_Your assignment:_ The entire listing, reproduced exactly and stripped of images, is the expected output.

Material for this exercise below:

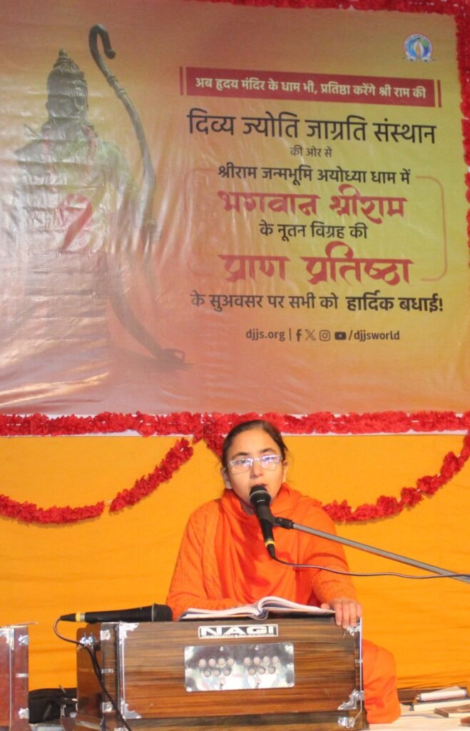 .ਸਾਡੀ ਅੰਦਰਲੀ ਅਯੁੱਧਿਆ ਦੇ ਅੰਦਰ ਭਗਵਾਨ ਸ਼੍ਰੀ ਰਾਮ ਦਾ ਦਰਸ਼ਨ ਇੱਕ ਪੂਰਨ ਸਦਗੁਰੂ ਦੁਆਰਾ ਹੀ ਕਰਨਾ ਚਾਹੀਦਾ ਹੈ।ਸਾਰੇ ਸੰਸਾਰ ਵਿੱਚ ਰਾਮ ਰਾਜ ਦੀ ਸਥਾਪਨਾ ਤਾਂ ਹੀ ਸੰਭਵ ਹੈ ਜਦੋਂ ਸਾਡੇ ਅੰਦਰ ਸ਼੍ਰੀ ਰਾਮ ਦਾ ਸੰਪੂਰਨ ਰਾਜ ਸਥਾਪਿਤ ਹੋਵੇ। ਭਗਵਾਨ ਸ੍ਰੀ ਰਾਮ ਦੇ ਆਦਰਸ਼ ਉਨਾਂ ਦੇ ਗੁਣ ਜਦੋਂ ਮਨਵੀ ਜੀਵਨ ਦੇ ਅੰਦਰ ਝਲਕਣੇ ਸ਼ੁਰੂ ਹੋ ਜਾਣਗੇ ਉਸ ਸਮੇਂ ਸੰਪੂਰਨ ਬਾਹਰੀ ਜਗ੍ਹਾ ਤੇ ਅੰਦਰੂਨੀ ਜਗ੍ਹਾ ਦੇ ਅੰਦਰ ਰਾਮਰਾਜ ਦੀ ਸਥਾਪਨਾ ਹੋ ਜਾਏਗੀ ਜਿਸ ਦਾ ਨੀਹ ਪੱਥਰ ਰੱਖਿਆ ਜਾ ਚੁੱਕਿਆ ਹੈ। ਪ੍ਰੋਗਰਾਮ ਦੌਰਾਨ ਸ਼੍ਰੀ ਰਾਮ ਦੀ ਉਸਤਤ ਵਿੱਚ ਗਾਏ ਗਏ ਸੁੰਦਰ ਭਜਨਾਂ ਨਾਲ ਸਰੋਤੇ ਮੰਤਰ ਮੁਗਧ ਹੋ ਹੋ ਗਏ। ਸਾਧਵੀ ਜੀ ਨੇ ਸਮੂਹ ਸੰਗਤਾਂ ਨੂੰ 22 ਜਨਵਰੀ ਨੂੰ ਆਪਣੇ ਘਰਾਂ ਵਿੱਚ ਦੀਵਾਲੀ ਮਨਾਉਣ ਦੀ ਅਪੀਲ ਕੀਤੀ।
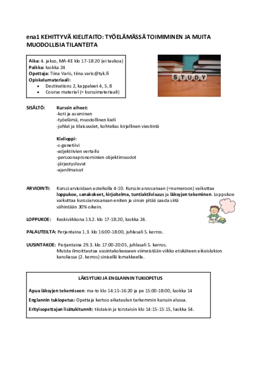 ena1 COURSE PROGRAMME, jakso 4 Jaa Sulje Tekijä: Tiina Varis Tämän tiedoston tekstivastine: (tyhjä tekstivastine) ena1 COURSE PROGRAMME, Tiina Varis, jakso 4.pdf 311.1 kt Kommentit Kirjaudu sisään lisätäksesi tähän kommentin
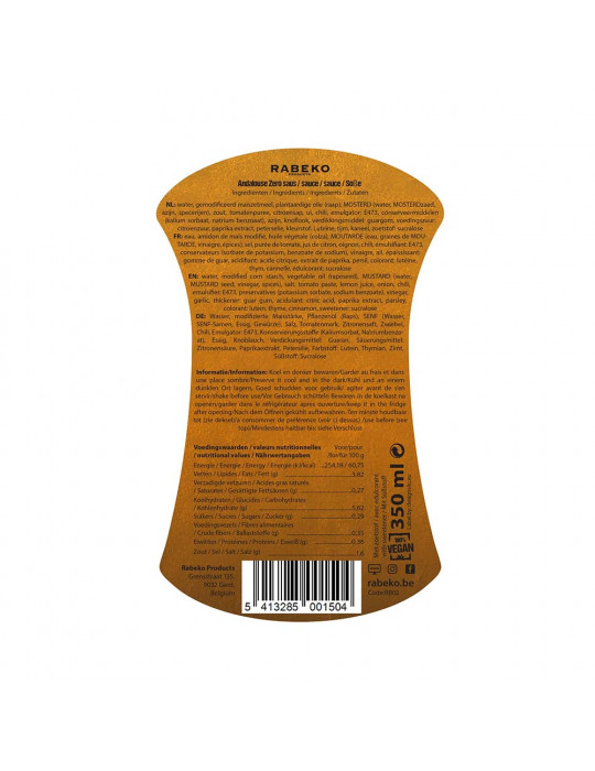 Ingrediënten AndalouseWater, gemodificeerd maïszetmeel,MOUTARDE(water, zadenMOUTARDE, azijn, kruiden), tomatenpuree, zout, citroensap, aroma, ui, Spaanse peper, azijn, plantaardige olie (koolzaad), kleurstoffen (E170, luteïne), guarpitmeel, knoflook, conserveermiddel: kaliumsorbaat,EiGeel, voedingszuur: citroenzuur, peterselie, paprika-extract, zoetstof: sucralose, tijm, kaneel.
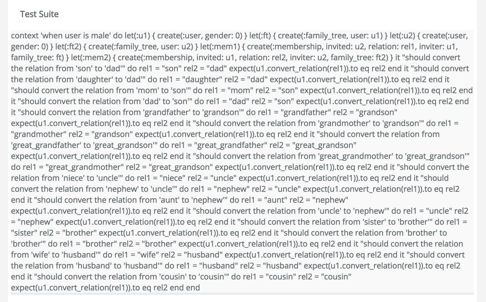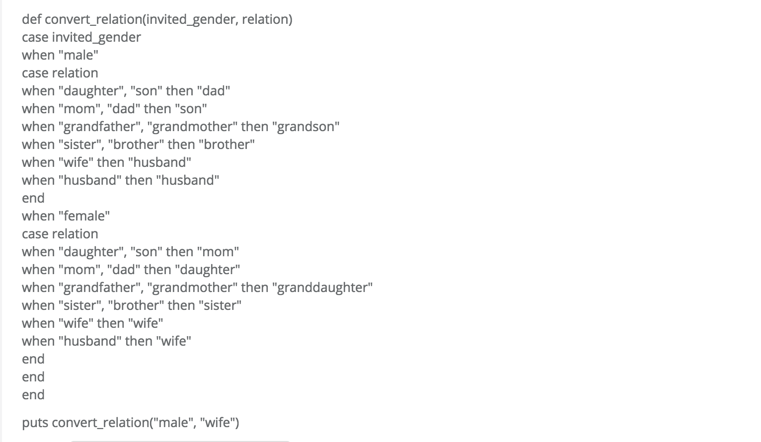 => "def convert_relation(invited_gender, relation)\r\n case invited_gender\r\n \twhen \"male\"\r\n \tcase relation\r\n when \"daughter\", \"son\" then \"dad\"\r\n when \"mom\", \"dad\" then \"son\"\r\n when \"grandfather\", \"grandmother\" then \"grandson\"\r\n when \"sister\", \"brother\" then \"brother\"\r\n when \"wife\" then \"husband\"\r\n when \"husband\" then \"husband\"\r\n end\r\n when \"female\"\r\n \tcase relation\r\n when \"daughter\", \"son\" then \"mom\"\r\n when \"mom\", \"dad\" then \"daughter\"\r\n when \"grandfather\", \"grandmother\" then \"granddaughter\"\r\n when \"sister\", \"brother\" then \"sister\"\r\n when \"wife\" then \"wife\"\r\n when \"husband\" then \"wife\"\r\n end\r\n end\r\nend\r\n\r\nputs convert_relation(\"male\", \"wife\")"发布于 2016-06-09 09:09:54
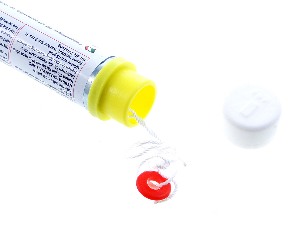 Odpalenie racy odbywa się przez zerwanie blokady i pociągnięcie za zawleczkę.
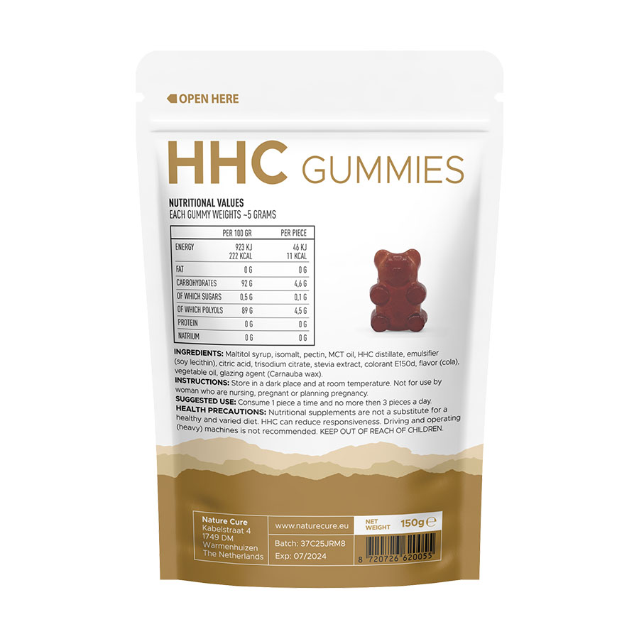 The suggested dosage from the manufacturer is 1-3 gummies, however we always recommend starting at a lower dosage to begin with. If you’re completely new to HHC and THC products, half a gummy bear can be a good starting dosage. Do not underestimate HHC just because it’s legal! And DO NOT get impatient and eat more until the first one(s) has taken effect!
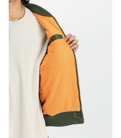 Bunda má klasické zapínání na zip po celé délce, pružný žebrovaný límec, manžety i spodní lem. Na přední straně se nacházejí dvě šikmé kapsy s klopou na druky. Na rukávu je umístěna kapsa se zipem doplněná typickým červeným přívěskem „Remove Before Flight“.
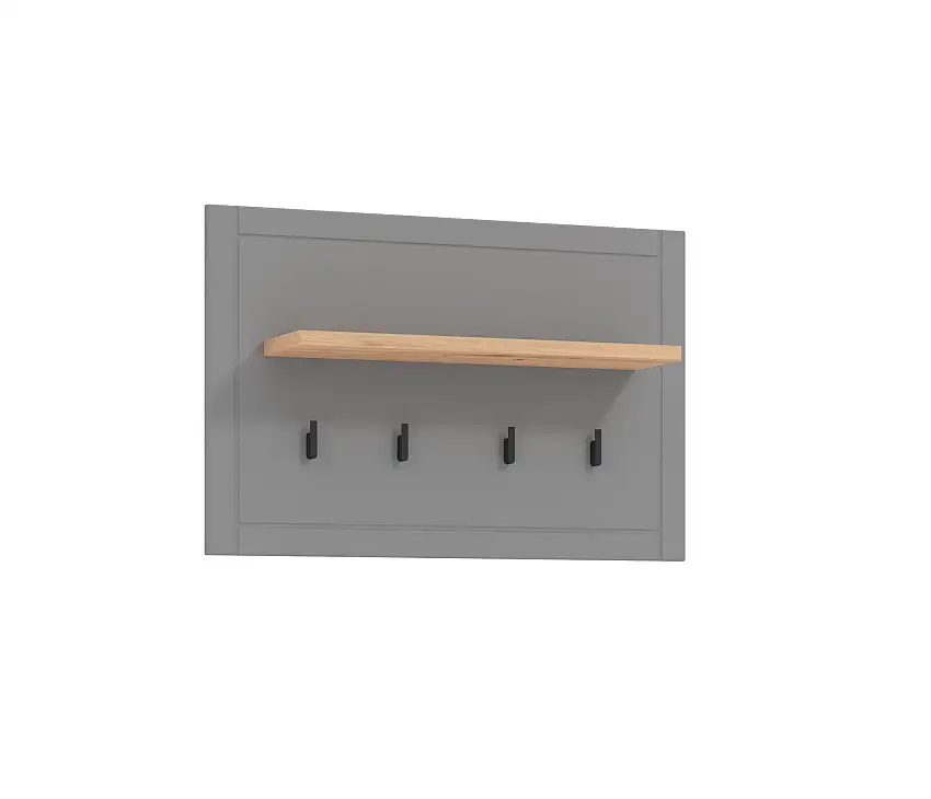 Aktion!Garderobe mit vier Haken Banat 25, Farbe: Eiche Artisan / Graphitgrau / Grau Matt, eine Ablagefläche, ABS-Kanten, Maße: 57 x 86,5 x 19,5 cm, für den Vorraum

End of Material for this exercise.

_Task answer:_
 .ਸਾਡੀ ਅੰਦਰਲੀ ਅਯੁੱਧਿਆ ਦੇ ਅੰਦਰ ਭਗਵਾਨ ਸ਼੍ਰੀ ਰਾਮ ਦਾ ਦਰਸ਼ਨ ਇੱਕ ਪੂਰਨ ਸਦਗੁਰੂ ਦੁਆਰਾ ਹੀ ਕਰਨਾ ਚਾਹੀਦਾ ਹੈ।ਸਾਰੇ ਸੰਸਾਰ ਵਿੱਚ ਰਾਮ ਰਾਜ ਦੀ ਸਥਾਪਨਾ ਤਾਂ ਹੀ ਸੰਭਵ ਹੈ ਜਦੋਂ ਸਾਡੇ ਅੰਦਰ ਸ਼੍ਰੀ ਰਾਮ ਦਾ ਸੰਪੂਰਨ ਰਾਜ ਸਥਾਪਿਤ ਹੋਵੇ। ਭਗਵਾਨ ਸ੍ਰੀ ਰਾਮ ਦੇ ਆਦਰਸ਼ ਉਨਾਂ ਦੇ ਗੁਣ ਜਦੋਂ ਮਨਵੀ ਜੀਵਨ ਦੇ ਅੰਦਰ ਝਲਕਣੇ ਸ਼ੁਰੂ ਹੋ ਜਾਣਗੇ ਉਸ ਸਮੇਂ ਸੰਪੂਰਨ ਬਾਹਰੀ ਜਗ੍ਹਾ ਤੇ ਅੰਦਰੂਨੀ ਜਗ੍ਹਾ ਦੇ ਅੰਦਰ ਰਾਮਰਾਜ ਦੀ ਸਥਾਪਨਾ ਹੋ ਜਾਏਗੀ ਜਿਸ ਦਾ ਨੀਹ ਪੱਥਰ ਰੱਖਿਆ ਜਾ ਚੁੱਕਿਆ ਹੈ। ਪ੍ਰੋਗਰਾਮ ਦੌਰਾਨ ਸ਼੍ਰੀ ਰਾਮ ਦੀ ਉਸਤਤ ਵਿੱਚ ਗਾਏ ਗਏ ਸੁੰਦਰ ਭਜਨਾਂ ਨਾਲ ਸਰੋਤੇ ਮੰਤਰ ਮੁਗਧ ਹੋ ਹੋ ਗਏ। ਸਾਧਵੀ ਜੀ ਨੇ ਸਮੂਹ ਸੰਗਤਾਂ ਨੂੰ 22 ਜਨਵਰੀ ਨੂੰ ਆਪਣੇ ਘਰਾਂ ਵਿੱਚ ਦੀਵਾਲੀ ਮਨਾਉਣ ਦੀ ਅਪੀਲ ਕੀਤੀ।
 ena1 COURSE PROGRAMME, jakso 4 Jaa Sulje Tekijä: Tiina Varis Tämän tiedoston tekstivastine: (tyhjä tekstivastine) ena1 COURSE PROGRAMME, Tiina Varis, jakso 4.pdf 311.1 kt Kommentit Kirjaudu sisään lisätäksesi tähän kommentin
 Ingrediënten AndalouseWater, gemodificeerd maïszetmeel,MOUTARDE(water, zadenMOUTARDE, azijn, kruiden), tomatenpuree, zout, citroensap, aroma, ui, Spaanse peper, azijn, plantaardige olie (koolzaad), kleurstoffen (E170, luteïne), guarpitmeel, knoflook, conserveermiddel: kaliumsorbaat,EiGeel, voedingszuur: citroenzuur, peterselie, paprika-extract, zoetstof: sucralose, tijm, kaneel.
 => "def convert_relation(invited_gender, relation)\r\n case invited_gender\r\n \twhen \"male\"\r\n \tcase relation\r\n when \"daughter\", \"son\" then \"dad\"\r\n when \"mom\", \"dad\" then \"son\"\r\n when \"grandfather\", \"grandmother\" then \"grandson\"\r\n when \"sister\", \"brother\" then \"brother\"\r\n when \"wife\" then \"husband\"\r\n when \"husband\" then \"husband\"\r\n end\r\n when \"female\"\r\n \tcase relation\r\n when \"daughter\", \"son\" then \"mom\"\r\n when \"mom\", \"dad\" then \"daughter\"\r\n when \"grandfather\", \"grandmother\" then \"granddaughter\"\r\n when \"sister\", \"brother\" then \"sister\"\r\n when \"wife\" then \"wife\"\r\n when \"husband\" then \"wife\"\r\n end\r\n end\r\nend\r\n\r\nputs convert_relation(\"male\", \"wife\")"发布于 2016-06-09 09:09:54
 Odpalenie racy odbywa się przez zerwanie blokady i pociągnięcie za zawleczkę.
 The suggested dosage from the manufacturer is 1-3 gummies, however we always recommend starting at a lower dosage to begin with. If you’re completely new to HHC and THC products, half a gummy bear can be a good starting dosage. Do not underestimate HHC just because it’s legal! And DO NOT get impatient and eat more until the first one(s) has taken effect!
 Bunda má klasické zapínání na zip po celé délce, pružný žebrovaný límec, manžety i spodní lem. Na přední straně se nacházejí dvě šikmé kapsy s klopou na druky. Na rukávu je umístěna kapsa se zipem doplněná typickým červeným přívěskem „Remove Before Flight“.
 Aktion!Garderobe mit vier Haken Banat 25, Farbe: Eiche Artisan / Graphitgrau / Grau Matt, eine Ablagefläche, ABS-Kanten, Maße: 57 x 86,5 x 19,5 cm, für den Vorraum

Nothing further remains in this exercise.